When the workflow replays, the runtime walks through this log with a cursor. At each step, it checks whether the command the code wants to issue matches the entry at that position: the command type (e.g., "execute task," "start timer") and the task name. If they match, the runtime returns the previously recorded result and advances the cursor. If they don't, it throws a Non-Deterministic Error (NDE).

In the base model, PR matches by position and command type only; it does not compare input payloads. Some implementations extend this with input validation during replay, catching changes that would otherwise go undetected, but at the cost of additional strictness, as discussed below. Without input validation, changing task input values, which are just local variable values from the workflow's perspective, falls squarely into "won't cause NDE."

Identity in Positional Replay is positional: the first task execution command matches the first task entry in the log, the second matches the second, and so on.

The Refactoring Problem

Because identity is positional, any structural change to workflow code breaks in-flight replays. Inserting a new task before a recorded one shifts all subsequent commands out of alignment. Removing a recorded task leaves an orphaned entry with no matching command. Reordering two different task types puts the wrong command type at each position.

The standard workaround is explicit versioning. PR platforms provide APIs to record version markers in the history, letting the runtime branch between old and new code paths on replay. This is a deliberate design choice, treating workflow code as a versioned state machine, much like database schema migrations. But it imposes real cost: every refactoring operation requires version guards, and over time workflows accumulate layers of branching logic dedicated to replay compatibility.

The Input Change Blind Spot

The refactoring problem is well-known. The input change blind spot is less discussed, and affects PR implementations that don't validate input payloads during replay.

Consider a loan application workflow with two calls to the same task type, getCreditScore, with different inputs:

async function handler(input) {
    const borrowerScore = await getCreditScore({ ssn: input.borrowerSsn });
    const guarantorScore = await getCreditScore({ ssn: input.guarantorSsn });

    // Wait for a human underwriter to approve the application.
    // This can take hours or days — the workflow sleeps durably.
    const review = await events.underwriterReview.wait();

    await submitApplication({
        borrowerScore,
        guarantorScore,
        reviewNotes: review.notes,
    });
}

Both getCreditScore tasks complete. The history records them at positions 1 and 2. The workflow then pauses, waiting for a human underwriter to review the application, a step that can take hours or days. While the workflow is waiting, a developer refactors the code and swaps the order of the two calls:

async function handler(input) {
    const guarantorScore = await getCreditScore({ ssn: input.guarantorSsn }); // 🔀
    const borrowerScore = await getCreditScore({ ssn: input.borrowerSsn });  // 🔀

    const review = await events.underwriterReview.wait();

    await submitApplication({
        borrowerScore,
        guarantorScore,
        reviewNotes: review.notes,
    });
}

When the underwriter eventually submits their review, the workflow resumes and replays from the beginning. Positional Replay sees getCreditScore at position 1, checks the history, finds getCreditScore at position 1. Match. It returns the result from the first recorded execution. But the first recorded execution fetched the borrower's credit score, while the code now assigns it to guarantorScore. The second call similarly gets the guarantor's score assigned to borrowerScore.

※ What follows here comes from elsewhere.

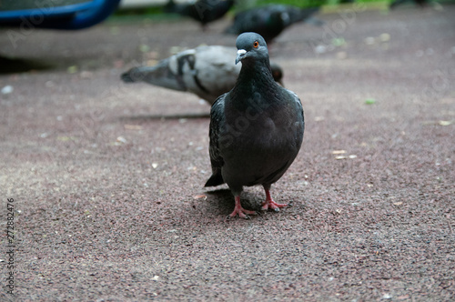 © Vladimir, Obraz premium Голубь городской на фоне асфальта и с другими голубями на заднем фоне с близкого расстояния, вид спереди
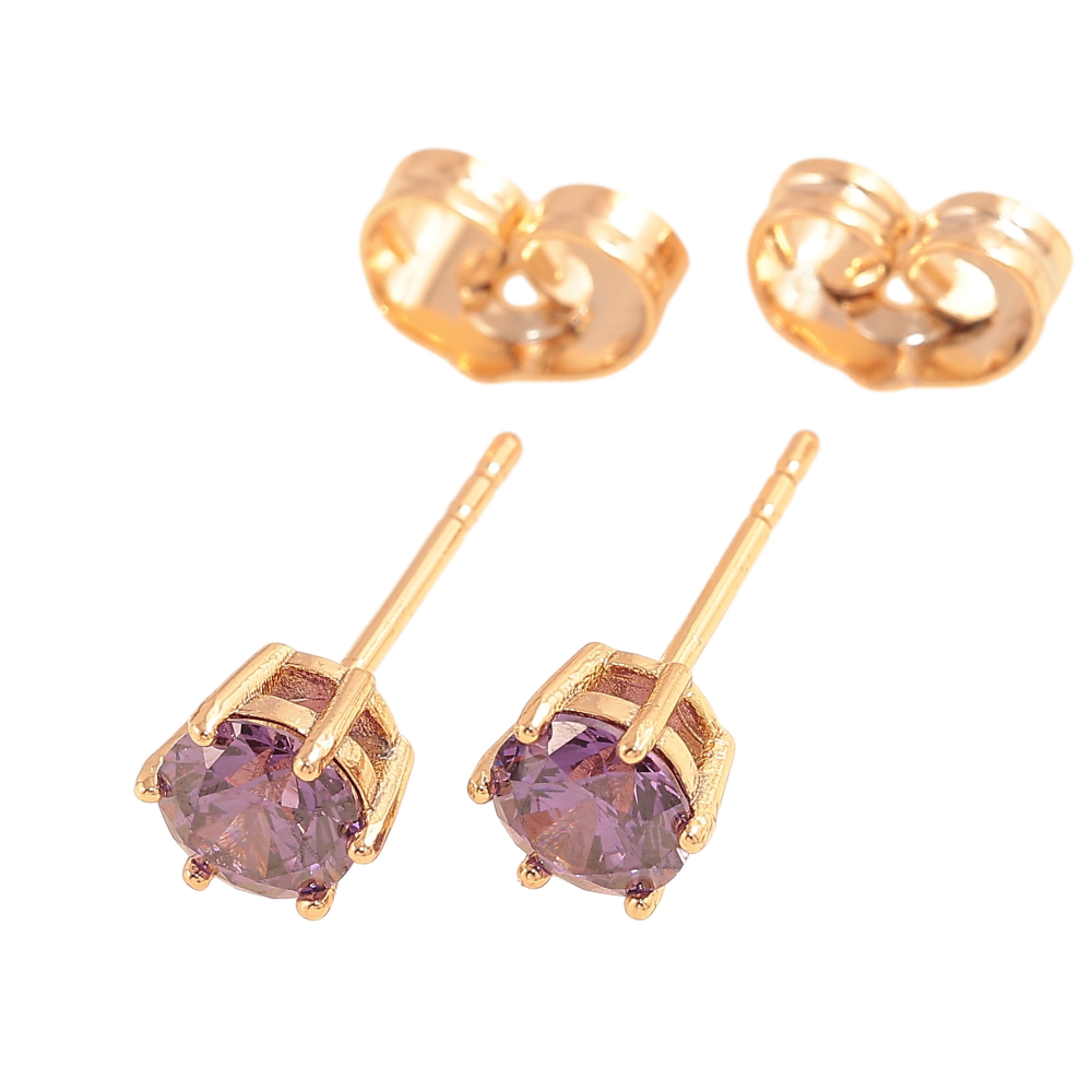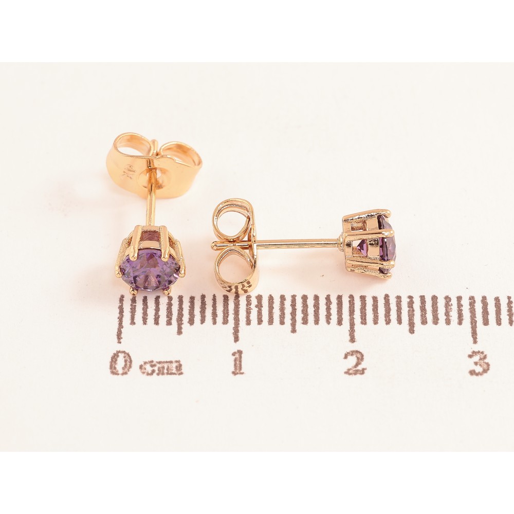 Серьги Xuping цвет позолота 18К пусеты сиреневые кристаллы в 6-ти крапановой оправе ø 5мм

No error is raised. The workflow proceeds to submitApplication with the scores swapped: the borrower's credit score is submitted as the guarantor's, and vice versa. A loan approval or denial is made on incorrect data.

The input blind spot is a direct consequence of positional identity. If you identify tasks by position, you cannot detect changes to what happens at that position.

PR with Input Validation

Some PR implementations address this by comparing input payloads during replay. When the code produces an input that differs from what was recorded at that position, the runtime throws an NDE instead of silently returning the wrong result.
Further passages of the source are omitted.